> [DIRECTIONS FOR THIS TASK] Once the pictures are removed, reproduce what is left of the data below exactly.

> [RECORDED INFORMATION]
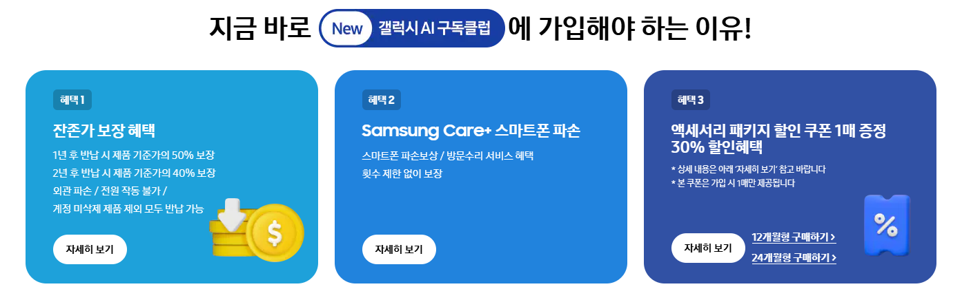 갤럭시 AI 구독클럽은 최신 기기 사용을 가볍게 만들면서도, 단기간 내 교체와 보상을 원하는 사용자에게 유리한 구조입니다. 유지관리나 보증 수리까지 포함된 패키지도 일부 제공되기 때문에, 구매 후 관리에 부담을 느끼는 사용자에게도 적합합니다.
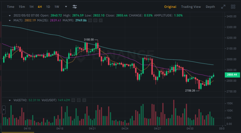 Grafiklere göre Ethereum, 2.850 dolarlık pivot seviyesinin altında bir düşüş yolu izledi. ETH, 2.800 dolarlık destek seviyesinin ve 100 saatlik basit hareketli ortalamanın altında da işlem gördü ve bu endişelerin oluşmasına sebep oldu.
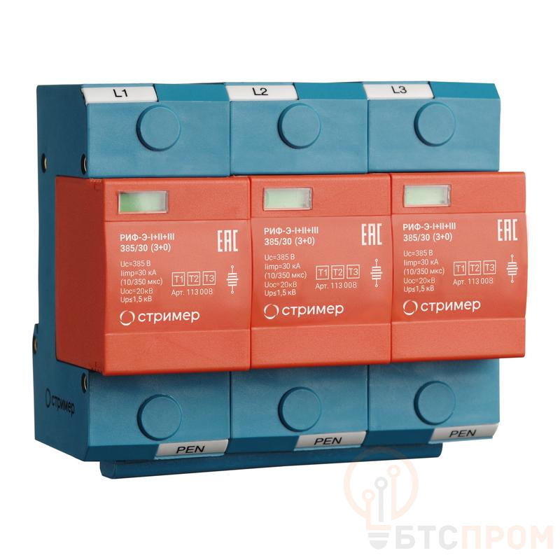 Устройство защиты от импульсных перенапряжений РИФ-Э-I+II+III 385/30 (3+0) Стример 113008 фото в каталоге от BTSprom.by
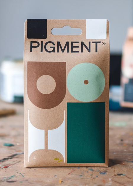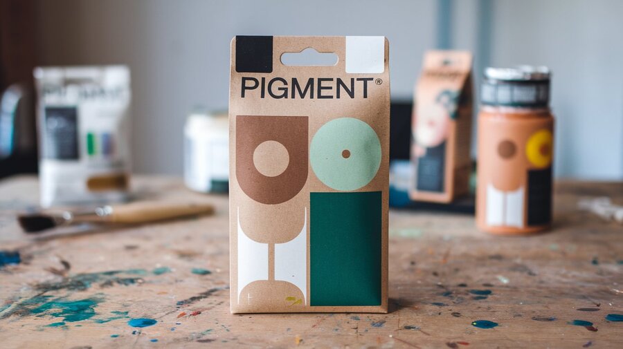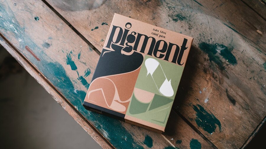 Prompt: packaging of art paint brand eco paint for artists «Pigment» which lies on a wooden table stained with paint and shabby. the packaging itself is made of kraft cardboard and design in black, lite brown, green and white color

> [COMPLETED TASK]
 갤럭시 AI 구독클럽은 최신 기기 사용을 가볍게 만들면서도, 단기간 내 교체와 보상을 원하는 사용자에게 유리한 구조입니다. 유지관리나 보증 수리까지 포함된 패키지도 일부 제공되기 때문에, 구매 후 관리에 부담을 느끼는 사용자에게도 적합합니다.
 Grafiklere göre Ethereum, 2.850 dolarlık pivot seviyesinin altında bir düşüş yolu izledi. ETH, 2.800 dolarlık destek seviyesinin ve 100 saatlik basit hareketli ortalamanın altında da işlem gördü ve bu endişelerin oluşmasına sebep oldu.
 Устройство защиты от импульсных перенапряжений РИФ-Э-I+II+III 385/30 (3+0) Стример 113008 фото в каталоге от BTSprom.by
 Prompt: packaging of art paint brand eco paint for artists «Pigment» which lies on a wooden table stained with paint and shabby. the packaging itself is made of kraft cardboard and design in black, lite brown, green and white color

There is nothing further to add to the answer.